У Алины был диван, который никто не любил, кроме неё. Старенький, ещё бабушкин, с обивкой в розовые цветы. Он вонял на солнце и скрипел, когда садишься, но был её — единственным напоминанием о женщине, которая учила её стирать шторы в ледяной воде и не пускать в дом непрошеных гостей. Алина не всегда следовала бабушкиным советам. Особенно с гостями.

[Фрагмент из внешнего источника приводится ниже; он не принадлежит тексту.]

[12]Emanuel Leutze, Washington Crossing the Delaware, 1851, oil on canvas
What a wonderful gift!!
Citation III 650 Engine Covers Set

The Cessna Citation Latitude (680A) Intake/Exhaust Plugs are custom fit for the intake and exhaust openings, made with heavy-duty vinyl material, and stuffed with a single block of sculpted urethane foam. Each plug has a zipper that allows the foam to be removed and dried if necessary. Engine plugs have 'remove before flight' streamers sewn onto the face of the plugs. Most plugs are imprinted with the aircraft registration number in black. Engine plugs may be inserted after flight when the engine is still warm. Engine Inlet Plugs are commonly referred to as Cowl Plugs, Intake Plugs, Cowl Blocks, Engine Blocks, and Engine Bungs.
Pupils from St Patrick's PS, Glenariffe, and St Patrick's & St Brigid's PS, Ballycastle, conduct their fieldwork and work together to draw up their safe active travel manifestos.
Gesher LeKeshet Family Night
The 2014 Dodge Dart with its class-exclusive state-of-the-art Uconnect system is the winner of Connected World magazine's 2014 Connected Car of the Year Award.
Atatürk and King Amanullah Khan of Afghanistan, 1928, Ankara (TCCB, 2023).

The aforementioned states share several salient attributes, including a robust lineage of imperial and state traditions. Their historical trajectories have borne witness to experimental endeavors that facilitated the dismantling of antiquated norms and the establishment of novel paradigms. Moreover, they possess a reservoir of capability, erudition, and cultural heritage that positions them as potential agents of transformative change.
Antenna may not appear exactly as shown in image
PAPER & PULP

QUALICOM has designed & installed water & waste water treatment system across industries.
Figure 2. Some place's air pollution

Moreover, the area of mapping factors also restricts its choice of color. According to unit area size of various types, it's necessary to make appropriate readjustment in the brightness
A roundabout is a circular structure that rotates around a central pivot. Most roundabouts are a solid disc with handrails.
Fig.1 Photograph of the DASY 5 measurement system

С Дмитрием она познакомилась случайно, в бюро переводов. Он пришёл подписать договор на локализацию сайта — весь из себя деловой, с айфоном и ботинками, которые стоили, как её отпуск. Улыбался, шутил. Через месяц уже носил её пакеты из «Пятёрочки», оставлял зубную щётку в её ванной и знал, что под подоконником в спальне щель — «тут бы утеплить, Алиночка».
— Алиночка, ты у меня девочка-умничка, — говорил он, обнимая её за плечи после ужина. — И бабушка у тебя была, конечно, крепкий орешек. Ну, ты же не против, если мама иногда к нам заедет? Она одна совсем. Мне её жалко. А тебе?

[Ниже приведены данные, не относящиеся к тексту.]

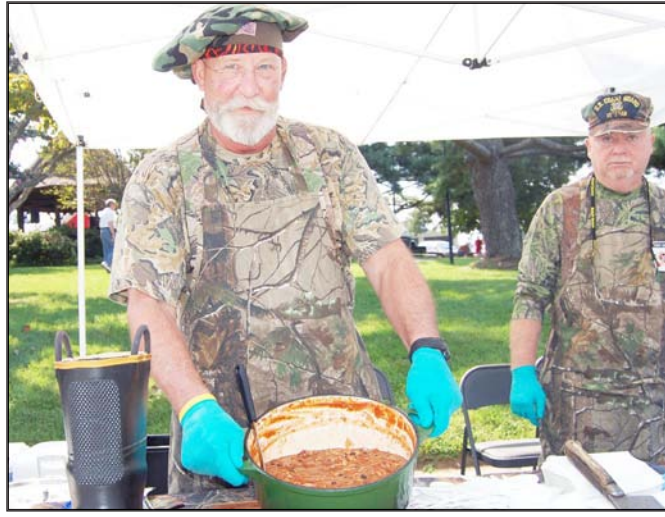
Pigtorkin Boys Chili returned with tasteful bliss on Saturday to Towns County Fire & Rescue's Chili Cook-off. The boys took first place and pocketed $300.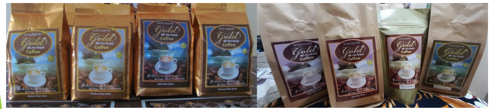
250gm Dark Roast Grind Coffee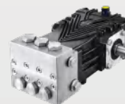
Stainless Steel Pump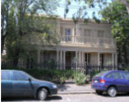
OBERWYL SOHE 2008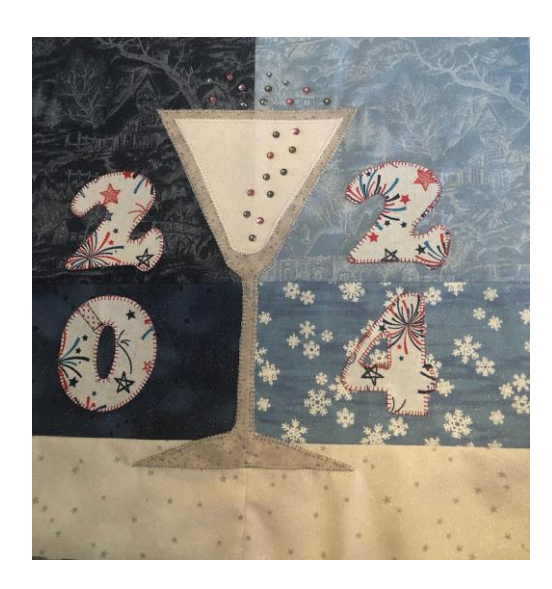
January Calendar Block - Sharon B

Example Blocks for Calendar Quilt for January 11, 2024, Business Meeting: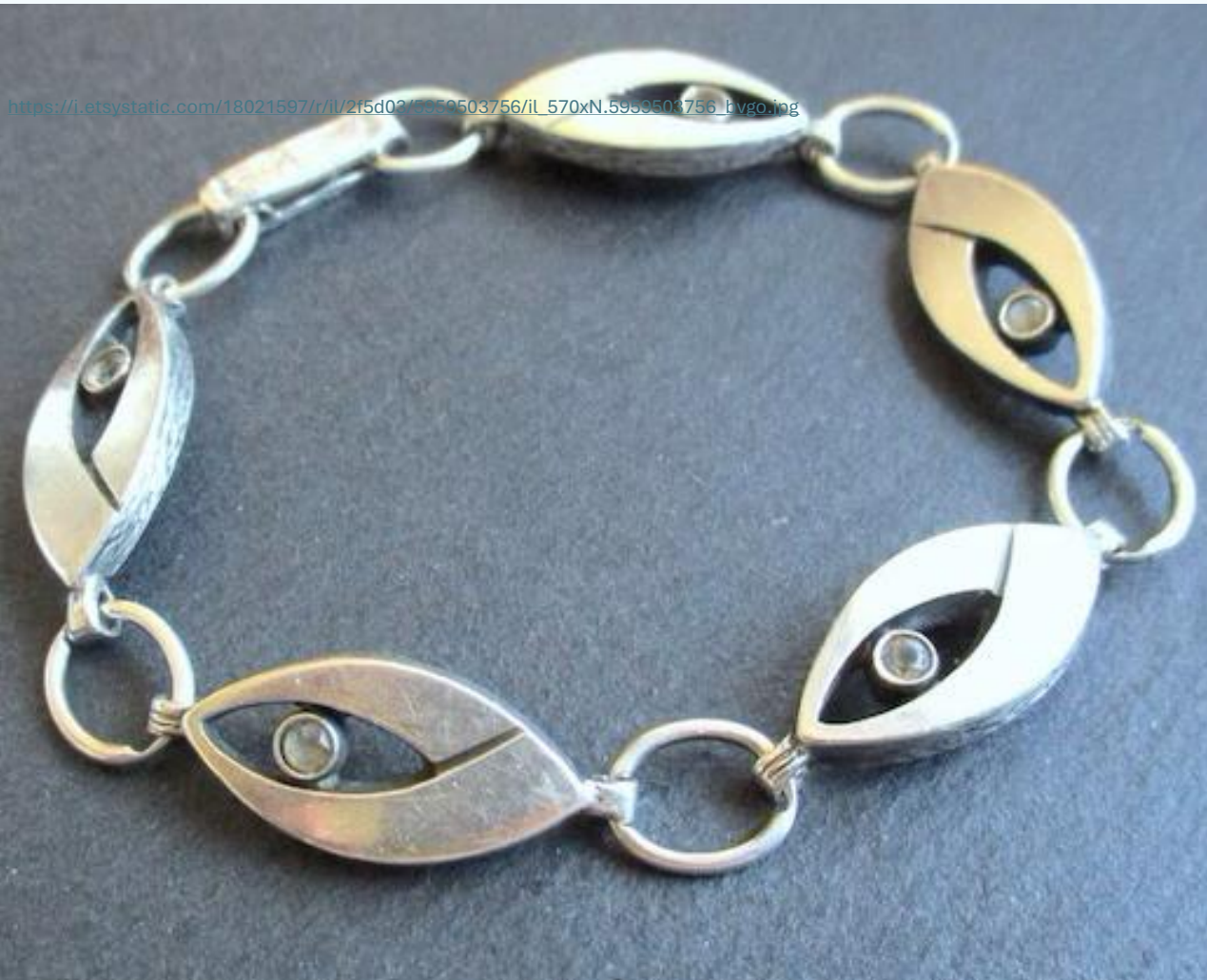
Korut- Individual pendant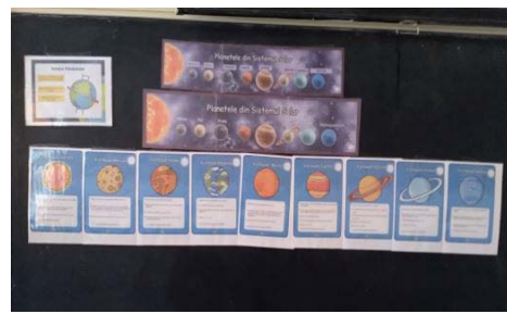
Fig. 4. The illustrative materials displayed on the board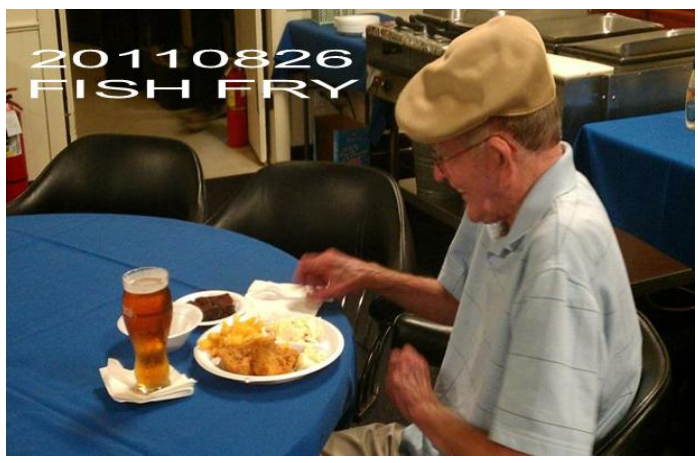
20110826 FISH FRY

Алине было не жалко. Пока Елена Петровна просто «заезжала». С кексами, претензиями и нескромным взглядом, оценивающим квартиру, как будто это каталог IKEA.

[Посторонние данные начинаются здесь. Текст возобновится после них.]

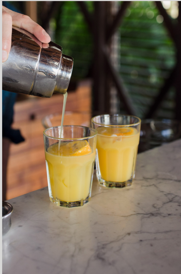
Freshly made cocktails and mocktails

We commission stunning celebration cakes from a top pâtissier in the capital, Castries. The cake maker has mastered a unique marbling technique that renders these cakes works of art. Cakes are finished with rich butter cream or elegant fondant in your choice of colours, and decorated in varying themes, from beach-rustic to more traditional wedding florals. Flavours available include vanilla, chocolate, coconut, red velvet, lemon-basil, vanilla rum and cookies and cream. Choose from two sizes: single tiers 6-8", serves 14; two tiers 6" or 9" (tall) or 7" or 10" (short), serves 20+.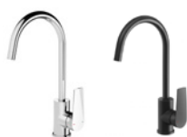
Phoenix Arlo Sink Mixer*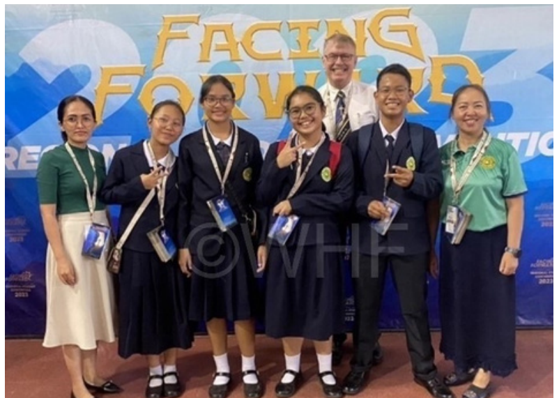
This Year's Theme - Facing Forward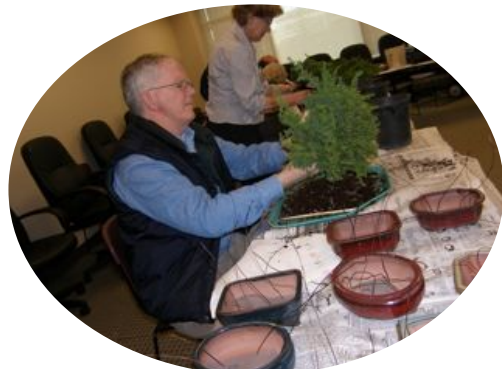
A participant at the hands-on Bonsai Workshop.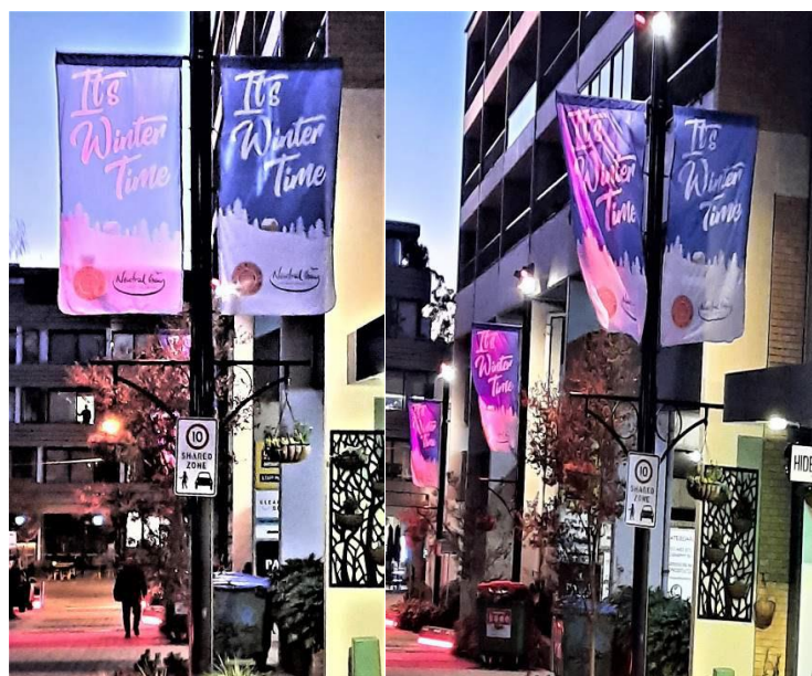
Shop local banners will be installed in the next few weeks.

Council will look into why they are the shorter banners.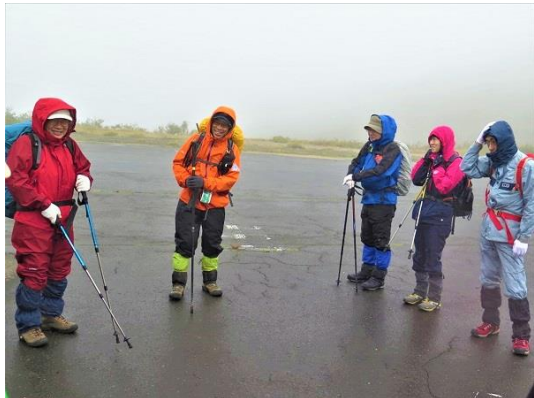
Guide and his members getting ready to start the hike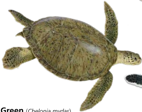
Green ( Chelonia mydas ) IUCN Red List status: Endangered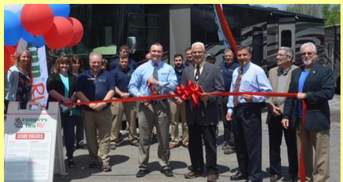
Ribbon Cutting at Campers Inn & RV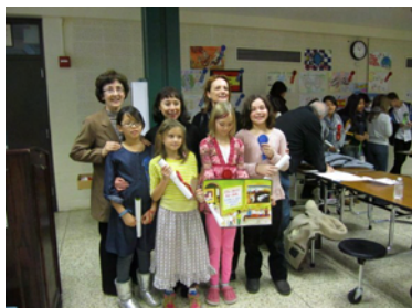
Participants of the Poetry Contest with teachers. Above: Students from Lincoln Elementary School in Oak Park and below, home-schooled high schoolers.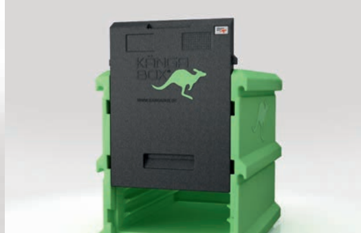
Removable sliding door for easy access

— Ну ничего, — сказала она в один из первых визитов, прохаживаясь по коридору. — Всё обустроим. Я уже Люсе сказала, что у вас тут евроремонт, даже лучше, чем у Тани. Таня — это сестра мужа моей племянницы. Ну, ты её не знаешь.
Конечно, не знаю. И знать не хочу.
Сначала Елена Петровна заходила по выходным. Потом — вечером по будням. Потом стала приходить с ключом.
— Дмитрий мне дал. Ну а что, я же не врываюсь. Просто полить цветы. Твои завяли, Алиночка. Надо же как-то тебе помогать, раз ты всё на работе.
— Могла бы хотя бы позвонить, — сдержанно ответила Алина, сжимая пальцы на ремешке сумки.
— А я что? Я с добром. Только с добром. Не нравится тебе помощь — так и скажи. Только сыну твоему не говори, что я чужая в этом доме. Это ведь теперь и его дом, не правда ли?
Дом действительно принадлежал Алине. Документы хранились в жёлтом конверте в верхнем ящике комода. Трёхкомнатная, с балконом, на третьем этаже. Досталась по наследству от бабушки. И когда Дмитрий сделал ей предложение, Алина честно сказала:
— У меня всё есть. Квартиру оставим за мной. Так спокойнее.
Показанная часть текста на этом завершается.